Task to complete:
Return the lines of the data below starting at the one holding "RAK SEPATU 3" and ending at the one holding "The Luxurious Loft", word for word, leaving every picture out.

Source material:
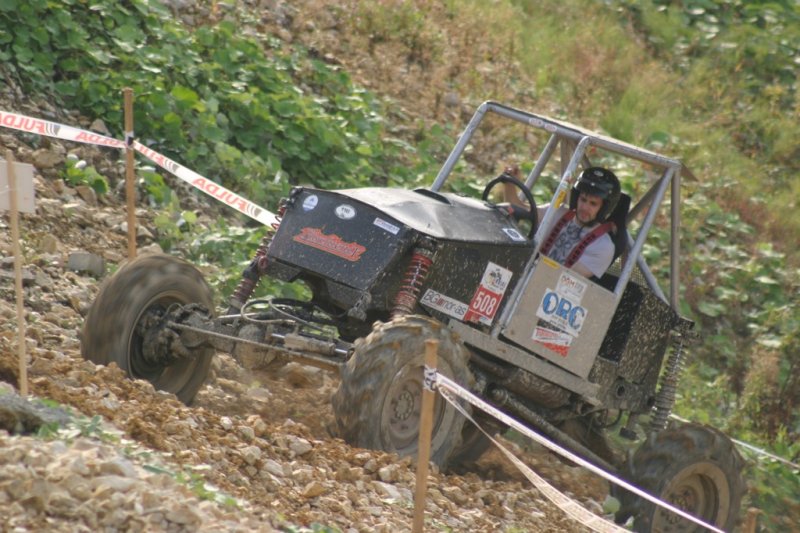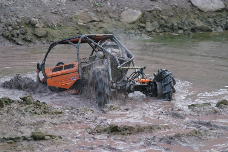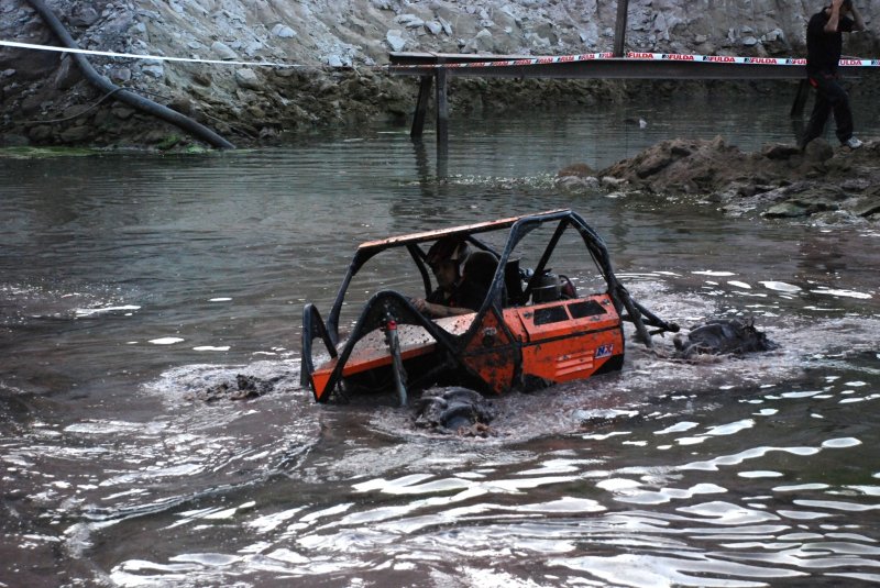 Der Meistertitel in der „Königsklasse“ musste sich in Gschwend entscheiden. Marlon Lewandowsky vom SCC Bramsche hatte noch die Chance, Christof Schumann von der Tabellenführung zu verdrängen. Dazu musste allerdings ein Tagessieg her. Vater Dirk fuhr für Sohn Marlon die Sektionen im gemeinsamen Proto „X-treme“ vor. So auch in der letzten Sektion, Nr. 14. Hier ging es vor dem letzten Tor durch eine Wasserlache, die sich aber als See entpuppte. Der Untergrund war schlammig statt fest und bot keinen Grip. Dirk versuchte die Ausfahrt, doch nichts ging vorwärts.
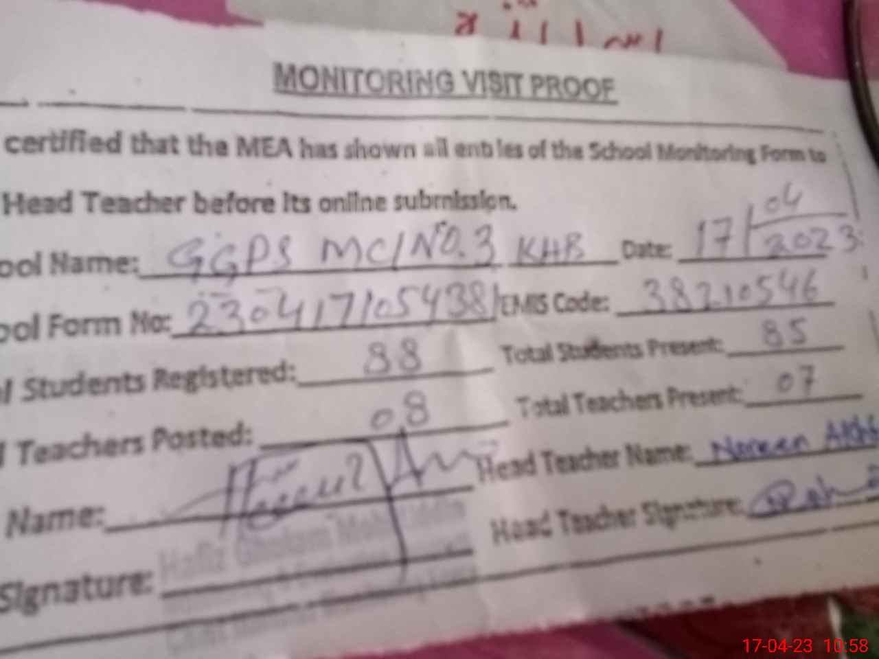 | EMIS Code: 38210546 | Name of School: GGPS MC NO.3 KHUSHAB | |||
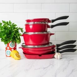 Cook up a storm with the stylish red Baccarat STONE Cast Aluminium 6-Piece Cookware Set!
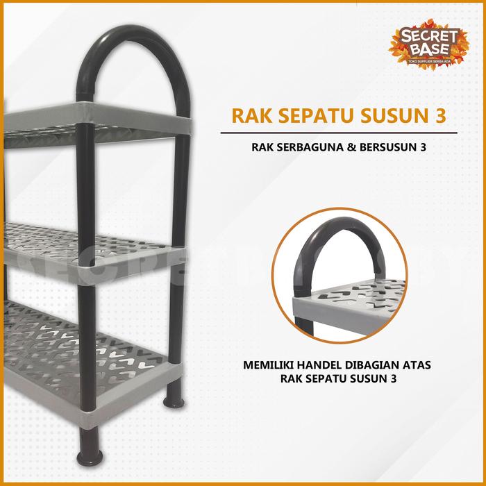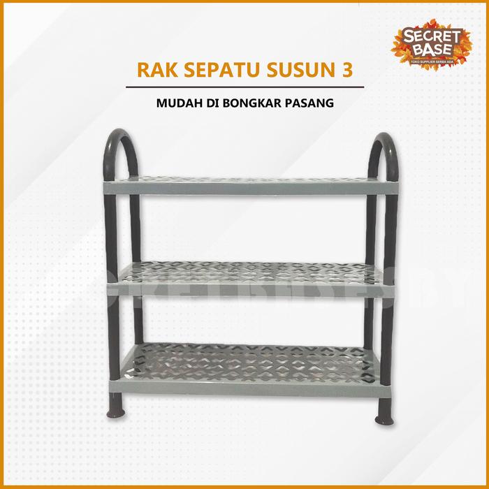RAK SEPATU 3 SUSUN - BESAR TEMPAT SANDAL RAK SEPATU KOKOH - ABU-ABU'
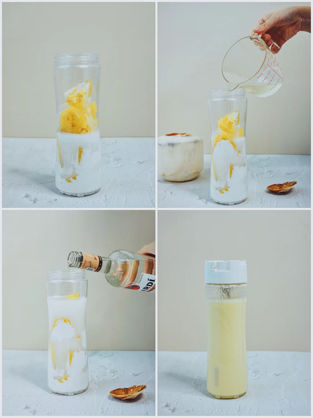 ②依次把菠萝、椰浆、椰汁、柠檬汁和朗姆酒放入榨汁机里
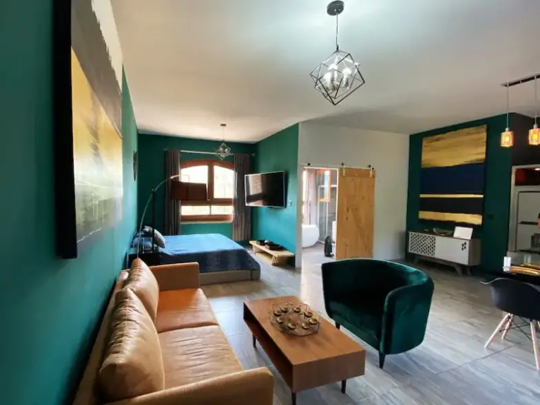The Luxurious Loft en Casa Barranqueña ofrece un entorno de vecindario tranquilo y una hermosa vista de La Bufa, una montaña popular para practicar senderismo, y se llega al centro de la ciudad en unos 20 minutos a pie o en un viaje corto en Uber. Después de un día de exploración, incluso puede regresar y sumergirse en una bañera independiente con vista. El espacio tiene capacidad para dos y también viene con una cocina que cuenta con electrodomésticos modernos de alta gama: un centro comercial está al otro lado de la calle para comprar ingredientes para preparar sus propias comidas.
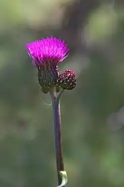 Květní úbor, květenství na dlouhé plstnaté stopce, se tvoří na vrcholu lodyhy většinou jednotlivě, řidčeji ve shlucích po dvou a více. Úbor je vejčitý, velký 3,5 až 5 cm a má výrazně červenofialovou barvu, pouze ojediněle růžovou nebo bílou. Víceřadý zákrov má fialově zelené, střechovitě uspořádané listeny vejčitě kopinatého tvaru, vnější jsou špičaté s odstálou, postupně tvrdnoucí špičkou. Květy ve všech úborech mají trubkovitou korunu srostlou z pěti laloků, uvnitř je pět tyčinekprašníkovitými trubičkami a čnělka nesoucí krátce dvouramennou bliznu, morfologicky jsou všechny květy oboupohlavné. Existuje však o něco málo více než polovina úborů s květy funkčně pouze samičími, které neprodukují pyl. U oboupohlavných květů vyčnívají fialové trubičky prašníků nad zářezy korunních cípů a blizna je přímá; po vyprázdnění pylu jsou jejích trubičky bílé. U samičích květů horní konec prašníkových trubiček bělavé barvy vyčnívá jen částečně z korunní trubky a blizna těchto květů je zvlněná. Kalich květů je v době kvetení redukovaný, později se vyvine do chmýru. Oboupohlavné květy opyluje hmyz nalákaný na nektar nebo se opylí samosprašně, k opylení samičích je nutný hmyz.
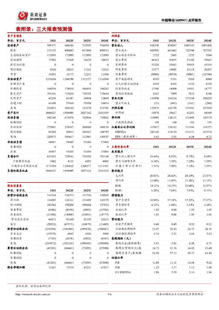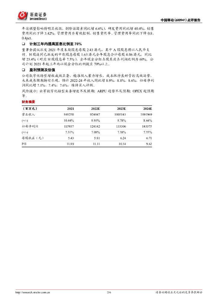 浙商证券:中国移动2021年年报点评:数字化转型收入增长强劲有利于估值提升.pdf

Expected answer:
RAK SEPATU 3 SUSUN - BESAR TEMPAT SANDAL RAK SEPATU KOKOH - ABU-ABU'
 ②依次把菠萝、椰浆、椰汁、柠檬汁和朗姆酒放入榨汁机里
The Luxurious Loft en Casa Barranqueña ofrece un entorno de vecindario tranquilo y una hermosa vista de La Bufa, una montaña popular para practicar senderismo, y se llega al centro de la ciudad en unos 20 minutos a pie o en un viaje corto en Uber. Después de un día de exploración, incluso puede regresar y sumergirse en una bañera independiente con vista. El espacio tiene capacidad para dos y también viene con una cocina que cuenta con electrodomésticos modernos de alta gama: un centro comercial está al otro lado de la calle para comprar ingredientes para preparar sus propias comidas.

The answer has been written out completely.